Extremadura vive días de angustia, con miles de hectáreas arrasadas por los incendios forestales y cientos de vecinos que han tenido que abandonar sus hogares o permanecer confinados mientras las llamas se acercaban peligrosamente. La devastación del monte y el paisaje es enorme, pero lo más impactante son las historias humanas que emergen entre el humo. Voces que reflejan miedo, impotencia, pero también solidaridad y esperanza.
En pueblos como Jarilla, Cabezabellosa o Villar de Plasencia, las familias han comenzado a regresar a sus casas tras los desalojos. Al llegar, no se encuentran con ruinas de ladrillo, sino con un entorno reducido a cenizas. Donde antes había bosques, ahora se extienden colinas negras y árboles calcinados.
Eduardo, uno de los vecinos desalojados, describe ese regreso como “volver a un lugar que ya no es el mismo”. Sin embargo, trata de mirar adelante: “Hemos tenido suerte de que el fuego no alcanzara la casa. Ahora queda reconstruir lo perdido. Yo quiero ser optimista, porque no nos queda otra”.
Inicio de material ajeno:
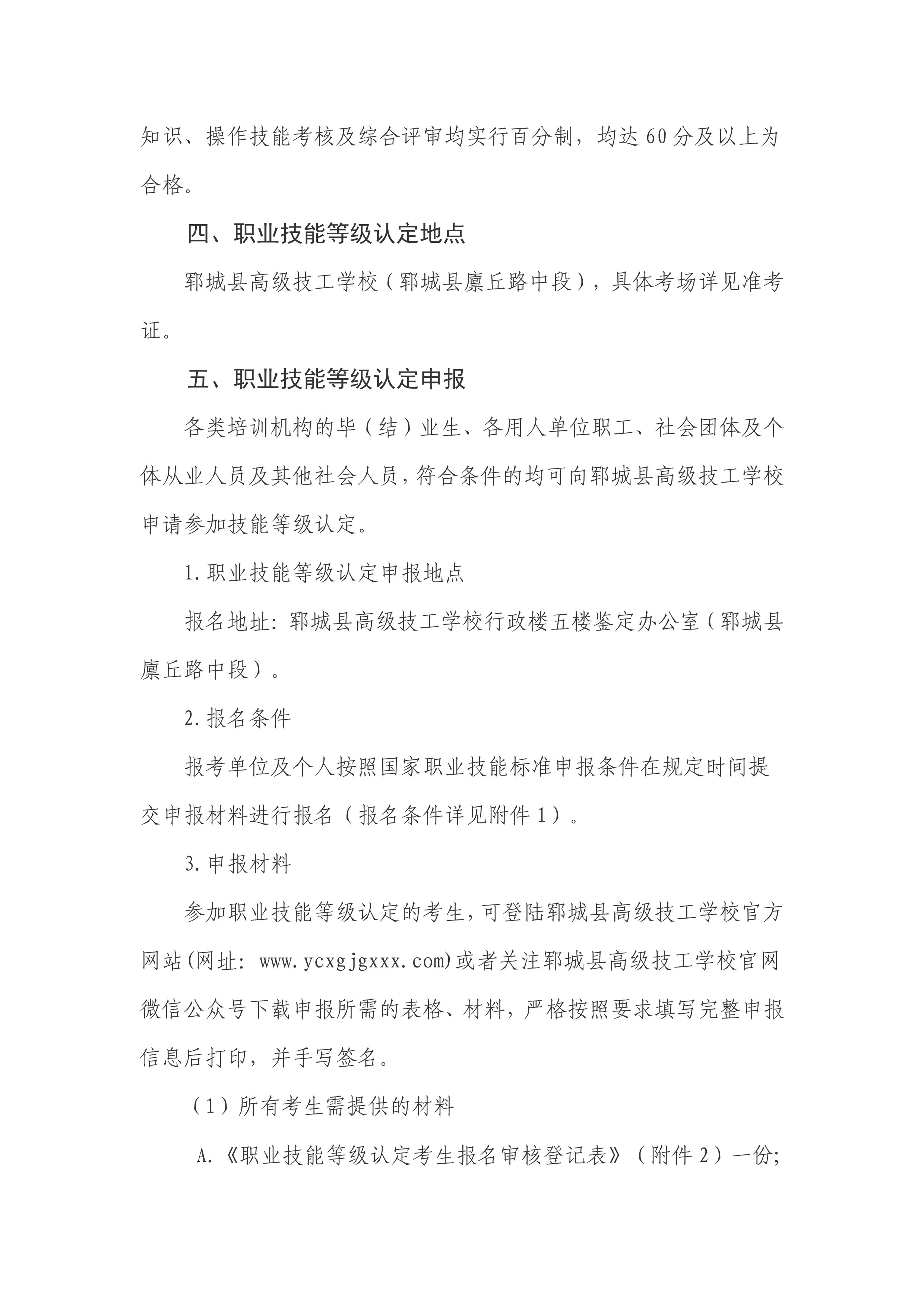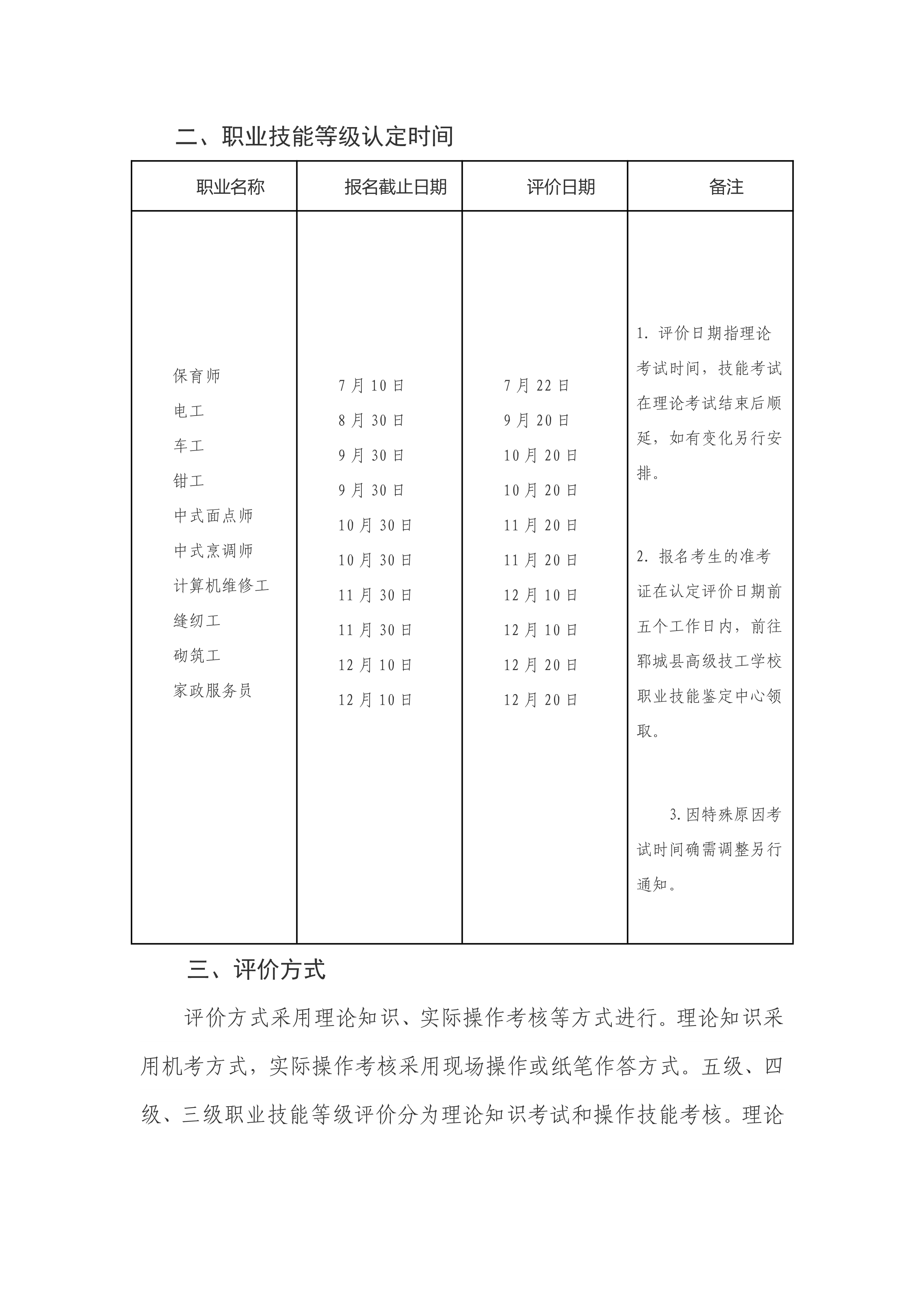 郓城县高级技工学校面向社会开展2023年职业技能等级认定评价计划

El confinamiento que recordó a la pandemia
Más al norte, en Oliva de Plasencia, el incendio obligó a confinar a toda la población durante más de 32 horas. Las carreteras estaban cortadas y el humo cubría el cielo. Dentro de sus casas, los vecinos vivieron una sensación inquietantemente familiar. “Nos vino a la memoria la pandemia”, cuenta María, que pasó esas horas junto a su madre mayor y sus dos hijos. “Estábamos aislados, sin poder salir ni saber con claridad qué estaba ocurriendo fuera”.
La falta de comunicación fue uno de los mayores problemas. Muchos vecinos apenas recibían información oficial y dependían del boca a boca o de mensajes de alerta en el teléfono. Mientras tanto, el pequeño comercio local se convirtió en refugio. “Teníamos gente que venía a comprar con miedo en los ojos, buscando un poco de normalidad”, recuerda Carmen, tendera del pueblo.
Vecinos contra las llamas
En El Torno, la sensación fue de abandono. “Somos los vecinos los que estamos trabajando contra el fuego”, asegura Iván, que pasó horas junto a un grupo de amigos improvisando cortafuegos con palas y mangueras. “La ayuda no llega y la que llega no es suficiente. Hemos estado solos”. Sus palabras transmiten tanto rabia como resignación, pero también la determinación de no rendirse.
En otro extremo de la sierra, Beatriz pasó la noche en vela con su familia, temiendo perder la vivienda. “Cada vez que el viento cambiaba, parecía que las llamas iban a tragarse todo. Nunca olvidaré esa sensación de impotencia”. Su relato resume lo que muchos viven: la incertidumbre de no saber si al amanecer seguirá en pie lo que levantaron durante toda una vida.
La mirada de quienes luchan desde dentro
Para quienes combaten el fuego, la situación no es menos dura. Juan, bombero de INFOEX, reconoce que la magnitud del incendio ha puesto al límite a los equipos. “Hacemos todo lo que podemos, pero muchas veces sentimos que llegamos tarde. La prevención debería ser durante todo el año, no solo cuando las llamas están ya aquí”. Su testimonio revela la necesidad de replantear la gestión forestal en una tierra cada vez más castigada por el calor extremo y la sequía.
Lejos de los focos inmediatos, un anciano llamado Gregorio lanzó una advertencia que se hizo viral: recordó cómo antes se limpiaban los montes, se pastoreaban las laderas y se cuidaban los cortafuegos de manera natural. “Hoy todo está abandonado y luego pasa lo que pasa”, lamenta. Sus palabras han resonado en la región como un recordatorio de que los incendios no son solo fruto del azar, sino también de un abandono acumulado.
Entre la rabia y la esperanza
En las últimas jornadas, la presidenta de Extremadura ha reclamado más medios al Gobierno central y a Europa: camiones, brigadas de refuerzo, aviones. Mientras tanto, la población se organiza, resiste y espera. Algunos incendios ya han sido estabilizados, pero el de Jarilla sigue desbocado y es el que más preocupa.
Pese al cansancio, el miedo y la pérdida, los testimonios reflejan una misma constante: la voluntad de salir adelante. “El fuego nos ha quitado mucho, pero seguimos aquí”, dice Eduardo. En Oliva de Plasencia, María recuerda con alivio el momento en que pudo volver a abrir las ventanas sin humo: “Nunca valoras tanto el aire limpio hasta que lo pierdes”.
Cada voz recoge un pedazo de la tragedia, pero también de la resistencia. Entre cenizas y paisajes devastados, lo que queda es la gente, su memoria y sus ganas de volver a levantar lo derribado. Extremadura arde, pero sus vecinos no se rinden.